What you have to do: In the entries below, find the line with "1955年、ビエラで創業のA" and the line with "A vintage floral". Repeat exactly everything between them, those two lines included, but not the pictures.

Dataset records:
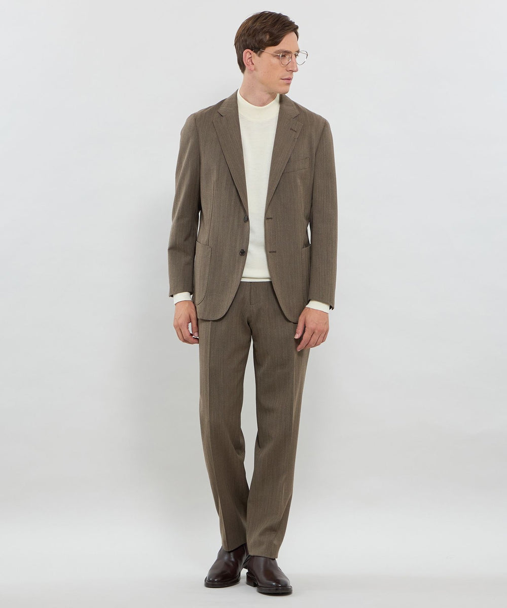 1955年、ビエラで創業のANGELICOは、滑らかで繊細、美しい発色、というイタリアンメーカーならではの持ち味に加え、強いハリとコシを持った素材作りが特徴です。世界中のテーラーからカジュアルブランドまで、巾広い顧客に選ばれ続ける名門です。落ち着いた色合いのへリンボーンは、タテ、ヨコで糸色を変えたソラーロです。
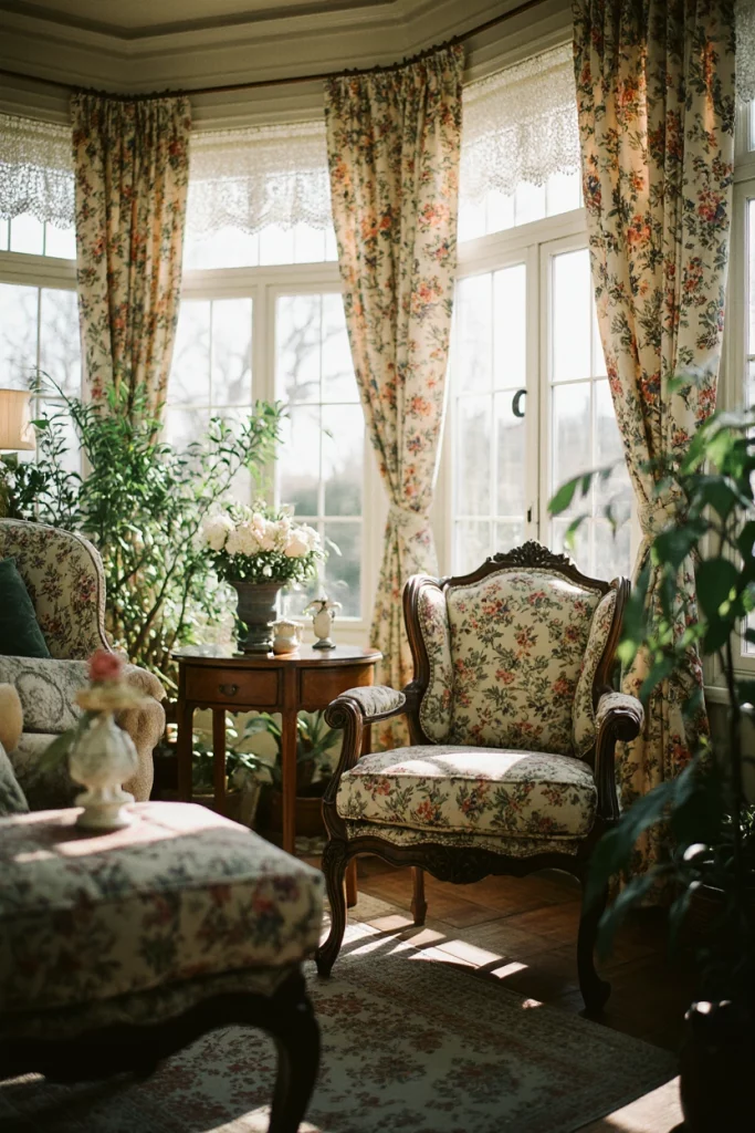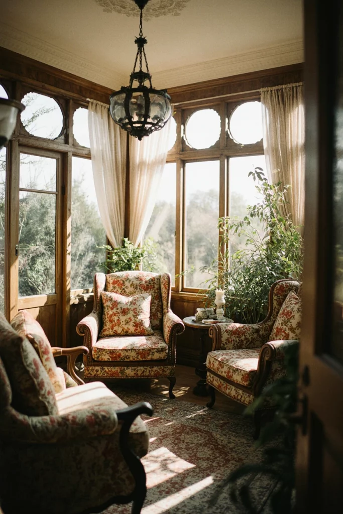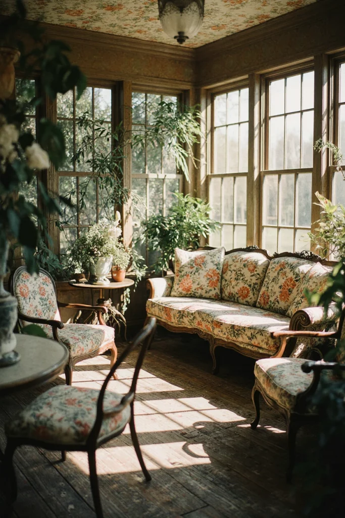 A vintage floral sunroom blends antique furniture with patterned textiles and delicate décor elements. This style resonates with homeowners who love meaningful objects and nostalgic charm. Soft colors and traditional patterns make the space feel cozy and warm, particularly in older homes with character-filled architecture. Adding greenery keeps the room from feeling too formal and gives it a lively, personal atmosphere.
...
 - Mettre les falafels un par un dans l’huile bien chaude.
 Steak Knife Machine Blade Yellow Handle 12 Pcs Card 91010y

Result for this task:
 1955年、ビエラで創業のANGELICOは、滑らかで繊細、美しい発色、というイタリアンメーカーならではの持ち味に加え、強いハリとコシを持った素材作りが特徴です。世界中のテーラーからカジュアルブランドまで、巾広い顧客に選ばれ続ける名門です。落ち着いた色合いのへリンボーンは、タテ、ヨコで糸色を変えたソラーロです。
 A vintage floral sunroom blends antique furniture with patterned textiles and delicate décor elements. This style resonates with homeowners who love meaningful objects and nostalgic charm. Soft colors and traditional patterns make the space feel cozy and warm, particularly in older homes with character-filled architecture. Adding greenery keeps the room from feeling too formal and gives it a lively, personal atmosphere.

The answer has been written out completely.